### INSTRUCTIONS TO FOLLOW
Retype every record exactly. Skip the images.

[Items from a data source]

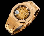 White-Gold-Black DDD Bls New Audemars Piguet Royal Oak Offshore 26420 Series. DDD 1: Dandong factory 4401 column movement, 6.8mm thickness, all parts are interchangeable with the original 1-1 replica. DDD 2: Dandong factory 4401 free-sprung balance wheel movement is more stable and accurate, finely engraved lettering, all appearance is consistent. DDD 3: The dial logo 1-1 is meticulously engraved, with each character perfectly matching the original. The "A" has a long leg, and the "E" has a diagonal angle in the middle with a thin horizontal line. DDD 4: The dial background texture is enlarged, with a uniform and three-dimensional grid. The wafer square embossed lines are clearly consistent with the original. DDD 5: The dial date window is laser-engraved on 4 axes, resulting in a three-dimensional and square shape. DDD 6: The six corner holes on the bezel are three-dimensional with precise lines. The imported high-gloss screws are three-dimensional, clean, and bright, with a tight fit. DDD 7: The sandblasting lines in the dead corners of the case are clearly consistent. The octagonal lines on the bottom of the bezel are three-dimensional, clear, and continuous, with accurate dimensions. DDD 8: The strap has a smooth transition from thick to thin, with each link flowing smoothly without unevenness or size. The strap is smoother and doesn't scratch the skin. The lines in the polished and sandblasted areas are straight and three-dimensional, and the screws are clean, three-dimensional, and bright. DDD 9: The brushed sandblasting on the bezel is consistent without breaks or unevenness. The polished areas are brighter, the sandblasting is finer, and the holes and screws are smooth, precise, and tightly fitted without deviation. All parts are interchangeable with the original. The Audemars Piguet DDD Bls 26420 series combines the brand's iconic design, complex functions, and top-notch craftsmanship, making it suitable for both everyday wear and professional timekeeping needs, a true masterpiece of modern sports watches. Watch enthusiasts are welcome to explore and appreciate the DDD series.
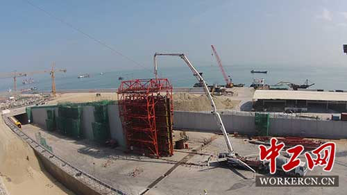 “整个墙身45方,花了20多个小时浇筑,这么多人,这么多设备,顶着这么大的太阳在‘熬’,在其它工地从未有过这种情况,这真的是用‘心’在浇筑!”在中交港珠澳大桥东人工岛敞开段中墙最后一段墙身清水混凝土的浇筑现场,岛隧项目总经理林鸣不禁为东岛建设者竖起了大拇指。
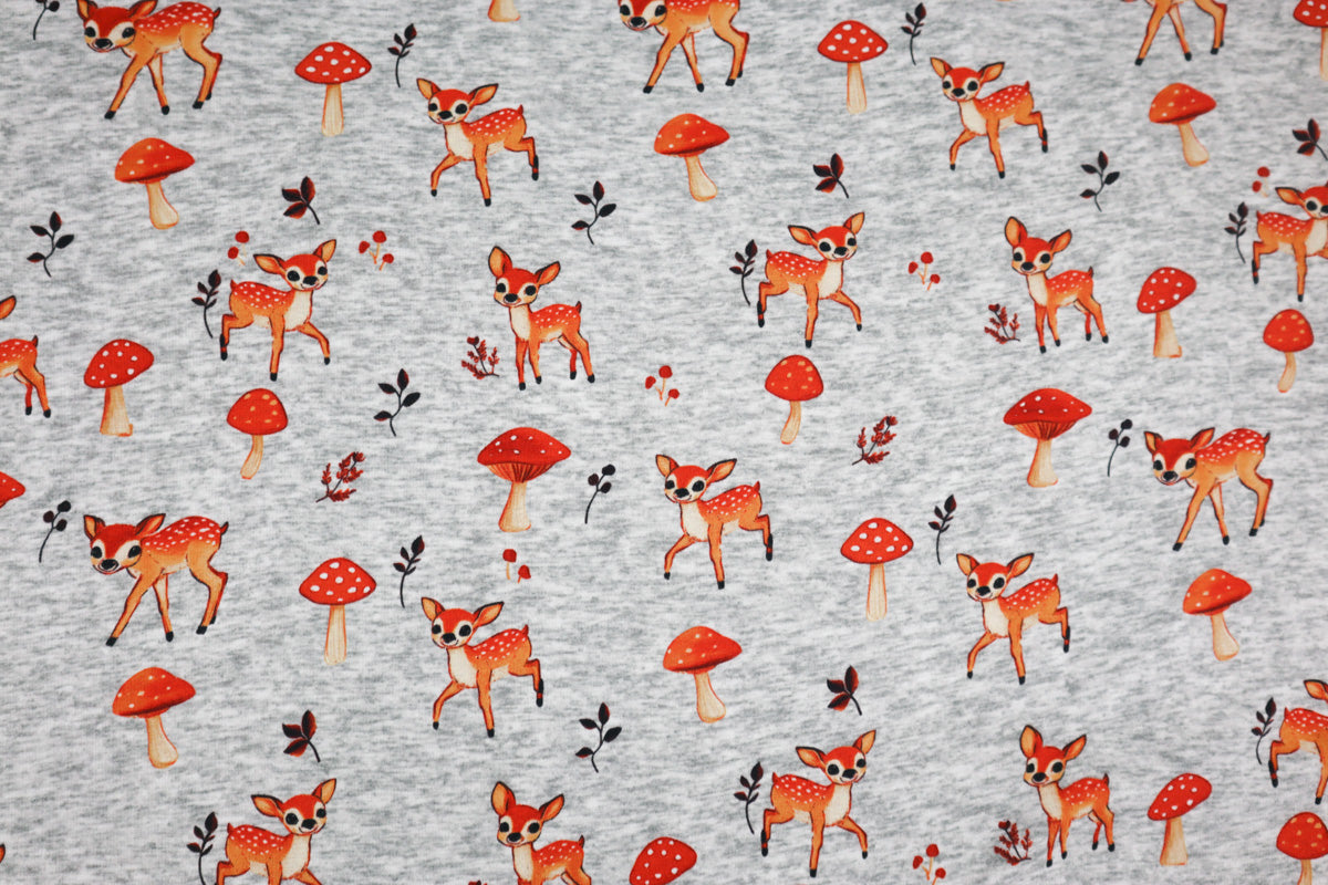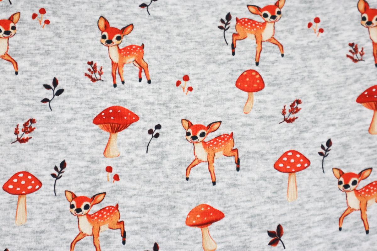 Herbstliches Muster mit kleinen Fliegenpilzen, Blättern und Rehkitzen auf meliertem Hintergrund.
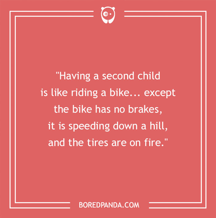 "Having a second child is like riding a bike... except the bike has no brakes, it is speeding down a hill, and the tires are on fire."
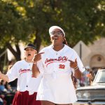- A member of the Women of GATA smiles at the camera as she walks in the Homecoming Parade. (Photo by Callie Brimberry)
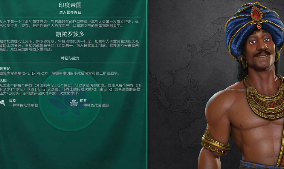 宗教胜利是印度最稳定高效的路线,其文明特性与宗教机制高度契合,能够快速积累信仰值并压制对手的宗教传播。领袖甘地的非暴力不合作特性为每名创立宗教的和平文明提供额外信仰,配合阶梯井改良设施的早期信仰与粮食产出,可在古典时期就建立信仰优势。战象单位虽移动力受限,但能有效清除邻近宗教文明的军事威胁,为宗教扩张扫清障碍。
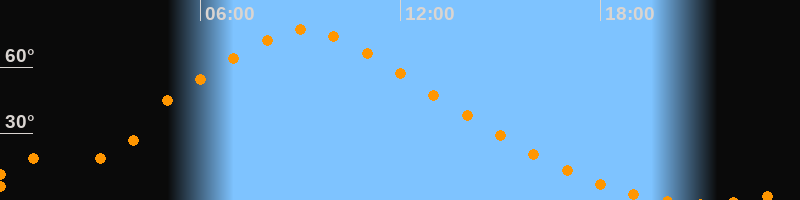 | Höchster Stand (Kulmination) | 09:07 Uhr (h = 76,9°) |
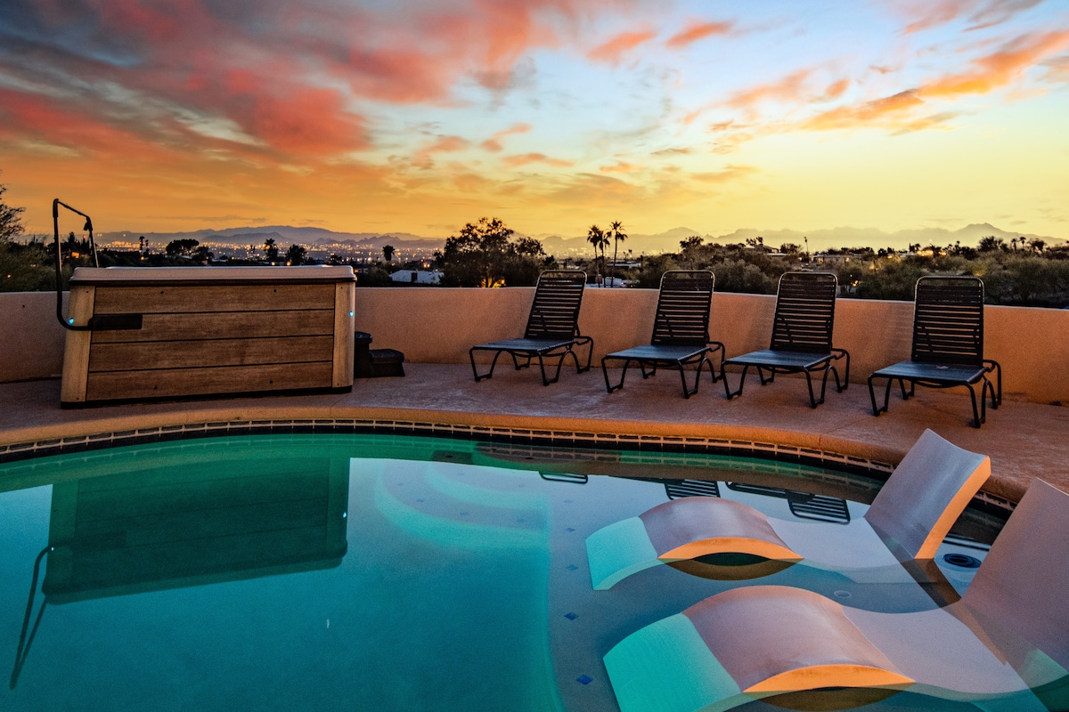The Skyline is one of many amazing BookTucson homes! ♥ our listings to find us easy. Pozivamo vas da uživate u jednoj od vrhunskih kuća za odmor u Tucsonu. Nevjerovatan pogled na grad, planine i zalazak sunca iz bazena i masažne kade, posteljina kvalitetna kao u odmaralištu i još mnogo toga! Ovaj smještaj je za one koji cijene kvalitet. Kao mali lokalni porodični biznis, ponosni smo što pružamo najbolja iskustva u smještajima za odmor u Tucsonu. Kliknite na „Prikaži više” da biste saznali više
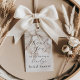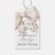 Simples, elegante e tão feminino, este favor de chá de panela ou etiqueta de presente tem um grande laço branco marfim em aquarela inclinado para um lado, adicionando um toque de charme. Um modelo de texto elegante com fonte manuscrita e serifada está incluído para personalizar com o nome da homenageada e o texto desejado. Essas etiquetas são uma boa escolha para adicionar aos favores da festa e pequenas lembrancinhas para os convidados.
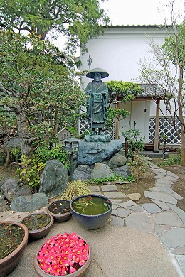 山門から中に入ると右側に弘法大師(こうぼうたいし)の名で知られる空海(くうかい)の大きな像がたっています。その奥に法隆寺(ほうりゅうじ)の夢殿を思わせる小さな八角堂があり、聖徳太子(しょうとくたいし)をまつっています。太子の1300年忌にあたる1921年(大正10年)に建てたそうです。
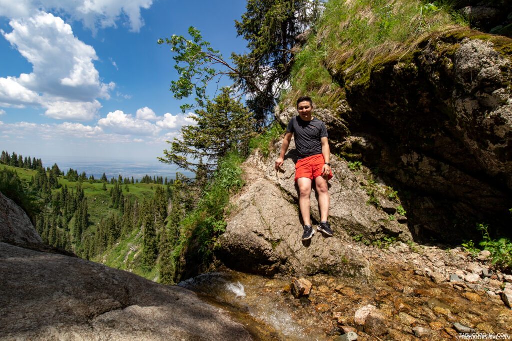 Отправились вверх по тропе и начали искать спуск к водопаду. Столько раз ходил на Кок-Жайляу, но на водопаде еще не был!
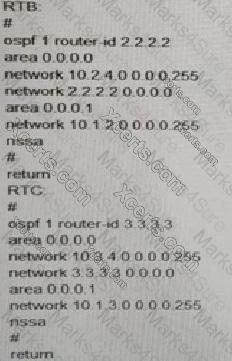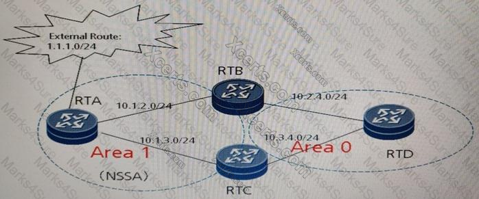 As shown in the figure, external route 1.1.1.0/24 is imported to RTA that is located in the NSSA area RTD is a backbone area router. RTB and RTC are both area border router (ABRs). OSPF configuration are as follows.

### THE ANSWER
 White-Gold-Black DDD Bls New Audemars Piguet Royal Oak Offshore 26420 Series. DDD 1: Dandong factory 4401 column movement, 6.8mm thickness, all parts are interchangeable with the original 1-1 replica. DDD 2: Dandong factory 4401 free-sprung balance wheel movement is more stable and accurate, finely engraved lettering, all appearance is consistent. DDD 3: The dial logo 1-1 is meticulously engraved, with each character perfectly matching the original. The "A" has a long leg, and the "E" has a diagonal angle in the middle with a thin horizontal line. DDD 4: The dial background texture is enlarged, with a uniform and three-dimensional grid. The wafer square embossed lines are clearly consistent with the original. DDD 5: The dial date window is laser-engraved on 4 axes, resulting in a three-dimensional and square shape. DDD 6: The six corner holes on the bezel are three-dimensional with precise lines. The imported high-gloss screws are three-dimensional, clean, and bright, with a tight fit. DDD 7: The sandblasting lines in the dead corners of the case are clearly consistent. The octagonal lines on the bottom of the bezel are three-dimensional, clear, and continuous, with accurate dimensions. DDD 8: The strap has a smooth transition from thick to thin, with each link flowing smoothly without unevenness or size. The strap is smoother and doesn't scratch the skin. The lines in the polished and sandblasted areas are straight and three-dimensional, and the screws are clean, three-dimensional, and bright. DDD 9: The brushed sandblasting on the bezel is consistent without breaks or unevenness. The polished areas are brighter, the sandblasting is finer, and the holes and screws are smooth, precise, and tightly fitted without deviation. All parts are interchangeable with the original. The Audemars Piguet DDD Bls 26420 series combines the brand's iconic design, complex functions, and top-notch craftsmanship, making it suitable for both everyday wear and professional timekeeping needs, a true masterpiece of modern sports watches. Watch enthusiasts are welcome to explore and appreciate the DDD series.
 “整个墙身45方,花了20多个小时浇筑,这么多人,这么多设备,顶着这么大的太阳在‘熬’,在其它工地从未有过这种情况,这真的是用‘心’在浇筑!”在中交港珠澳大桥东人工岛敞开段中墙最后一段墙身清水混凝土的浇筑现场,岛隧项目总经理林鸣不禁为东岛建设者竖起了大拇指。
 Herbstliches Muster mit kleinen Fliegenpilzen, Blättern und Rehkitzen auf meliertem Hintergrund.
 "Having a second child is like riding a bike... except the bike has no brakes, it is speeding down a hill, and the tires are on fire."
- A member of the Women of GATA smiles at the camera as she walks in the Homecoming Parade. (Photo by Callie Brimberry)
 宗教胜利是印度最稳定高效的路线,其文明特性与宗教机制高度契合,能够快速积累信仰值并压制对手的宗教传播。领袖甘地的非暴力不合作特性为每名创立宗教的和平文明提供额外信仰,配合阶梯井改良设施的早期信仰与粮食产出,可在古典时期就建立信仰优势。战象单位虽移动力受限,但能有效清除邻近宗教文明的军事威胁,为宗教扩张扫清障碍。
 | Höchster Stand (Kulmination) | 09:07 Uhr (h = 76,9°) |
The Skyline is one of many amazing BookTucson homes! ♥ our listings to find us easy. Pozivamo vas da uživate u jednoj od vrhunskih kuća za odmor u Tucsonu. Nevjerovatan pogled na grad, planine i zalazak sunca iz bazena i masažne kade, posteljina kvalitetna kao u odmaralištu i još mnogo toga! Ovaj smještaj je za one koji cijene kvalitet. Kao mali lokalni porodični biznis, ponosni smo što pružamo najbolja iskustva u smještajima za odmor u Tucsonu. Kliknite na „Prikaži više” da biste saznali više
 Simples, elegante e tão feminino, este favor de chá de panela ou etiqueta de presente tem um grande laço branco marfim em aquarela inclinado para um lado, adicionando um toque de charme. Um modelo de texto elegante com fonte manuscrita e serifada está incluído para personalizar com o nome da homenageada e o texto desejado. Essas etiquetas são uma boa escolha para adicionar aos favores da festa e pequenas lembrancinhas para os convidados.
 山門から中に入ると右側に弘法大師(こうぼうたいし)の名で知られる空海(くうかい)の大きな像がたっています。その奥に法隆寺(ほうりゅうじ)の夢殿を思わせる小さな八角堂があり、聖徳太子(しょうとくたいし)をまつっています。太子の1300年忌にあたる1921年(大正10年)に建てたそうです。
 Отправились вверх по тропе и начали искать спуск к водопаду. Столько раз ходил на Кок-Жайляу, но на водопаде еще не был!
 As shown in the figure, external route 1.1.1.0/24 is imported to RTA that is located in the NSSA area RTD is a backbone area router. RTB and RTC are both area border router (ABRs). OSPF configuration are as follows.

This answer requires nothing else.